The Straight Story : Le grand chemin
Cinéma

The Straight Story : Le grand chemin

L’auteur de Lost Highway, l’un des road movies les plus audacieux et les plus inclassables de l’histoire du cinéma, signe ici l’un des road movies les plus linéaires et les plus lents que l’on puisse imaginer.

Lorsqu’on apprend qu’un cinéaste aussi original, sombre et excentrique que David Lynch – réalisateur d’Eraserhead, Blue Velvet et Wild at Heart – signe un film qui s’intitule The Straight Story (ou même Une histoire vraie, pour reprendre son titre français), on a tendance à croire à un canular, à une blague un peu tordue ou à une satire pince-sans-rire. Surtout quand on comprend que The Straight Story raconte l’histoire (effectivement vraie) d’Alvin Straight (Richard Farnsworth), un monsieur de 73 ans, qui décida un jour d’aller voir son frère malade, avec qui il était brouillé depuis dix ans, en utilisant – pendant six semaines et des centaines de kilomètres – le seul moyen de transport à sa disposition: une vieille tondeuse à gazon…

On est donc forcément surpris de découvrir que l’auteur de Lost Highway, l’un des road movies les plus audacieux et les plus inclassables de l’histoire du cinéma, signe ici l’un des road movies les plus linéaires et les plus lents que l’on puisse imaginer: une méditation classique sur la famille, la vie et la mort, qui roule en pépère (à sept kilomètres/heure!) à travers une Amérique de carte postale, dans un film dont le héros, les décors et le ton ne sont pas sans rappeler les westerns élégiaques de John Ford.

Assagi, le père de Twin Peaks? Pas vraiment, ou du moins, pas complètement… L’excentricité patentée de Lynch est toujours là, mais en sourdine. On la retrouve dans le portrait à la Blue Velvet de la banlieue-dortoir où Straight vit avec sa fille attardée (Sissy Spacek, peu convaincante); ou bien dans la rencontre de Straight avec une automobiliste affolée (Barbara Robertson), qui vient d’écraser son treizième daim en quelques semaines; ou encore dans toutes ces manifestations d’une Amérique désemparée (une adolescente enceinte fuyant ses parents, d’immenses camions roulant à tombeau ouvert, des banlieusards pique-niquant devant un incendie…), qui traversent rapidement un récit rectiligne dont Lynch préfère plutôt explorer les marges lentement.
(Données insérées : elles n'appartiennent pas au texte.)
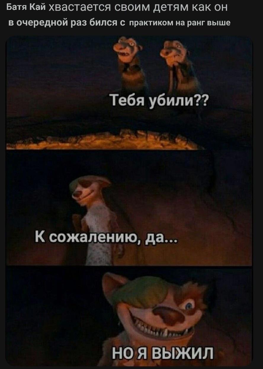 Ни разу не похоже на жареного цыплёнка(да, я про Кая). Мало эмоций, частичка несвойственной ему здоровой паранои и... слишком много смирения. Ну и не ляжется с пренебрежением и откровенным игнором урона по себе, которое Кай ни раз демонстрировал.
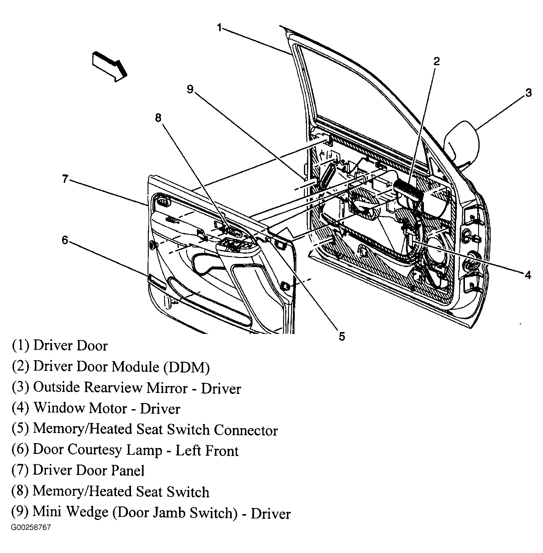 Driver Door Module (DDM) In driver's door. See Figure.
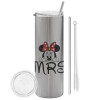 Minnie Mrs, Tumbler ποτήρι θερμό Ασημένιο από ανοξείδωτο ατσάλι 600ml, με μεταλλικό καλαμάκι & βούρτσα καθαρισμού
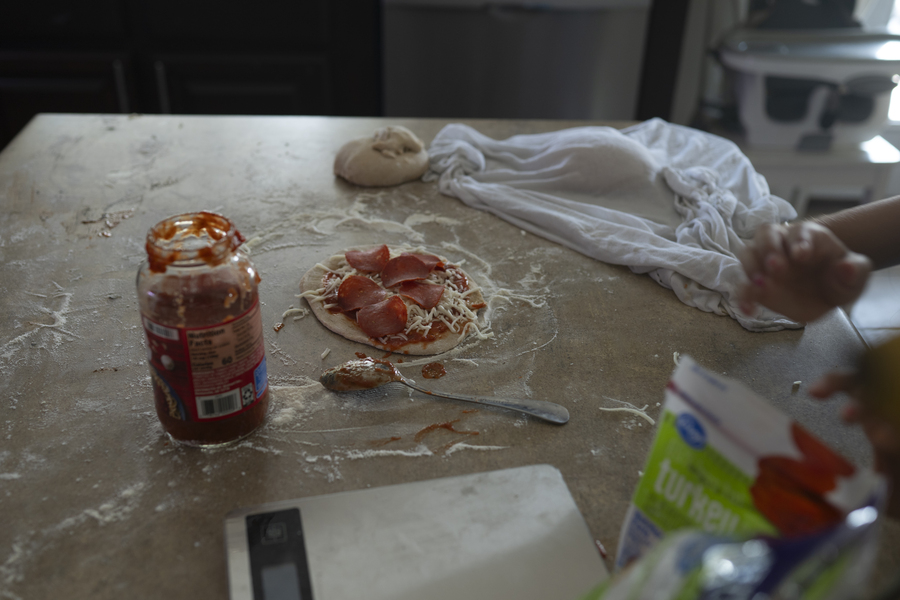 The kids all made their own pizzas, and Becca cooked them in the pizza oven.

Surprenant par son absence complète de surprises, et désorientant par sa linéarité extrême, The Straight Story est une oeuvre qui appartient à la veine plus humaniste du cinéma de David Lynch (celle d’Elephant Man, par exemple). Mais là où ce film superbe parvenait à émouvoir profondément, et à créer un univers visuel mémorable, The Straight Story illustre avec élégance (mais de façon prévisible) l’histoire d’un homme sans autre distinction que la droiture qui définit jusqu’à son nom: un brave cow-boy en Stetson qui dispense des perles de sagesse, comme un Yoda des grandes routes, à des gens dont il transforme – selon un schéma quasi spielbergien – à jamais l’existence: l’ado enceinte retournera chez ses parents; deux frères chamailleurs se réconcilieront; et un vétéran de la Seconde Guerre mondiale se libérera de ses souvenirs les plus douloureux. Le résultat est un film tellement straight qu’il en devient bizarre, sans l’être toutefois assez pour être vraiment atypique.

Du coup, on se dit que ce «middle of the road movie», ce curieux western arthritique, est peut-être, effectivement, le manifeste doucement ironique d’un provocateur pour lequel le retour aux «vraies valeurs» représente l’ultime tabou: une sorte d’Easy Rider du troisième âge offert comme un baume à une Amérique vieillissante, qui a remplacé la révolte en moto par la réconciliation en tondeuse à gazon.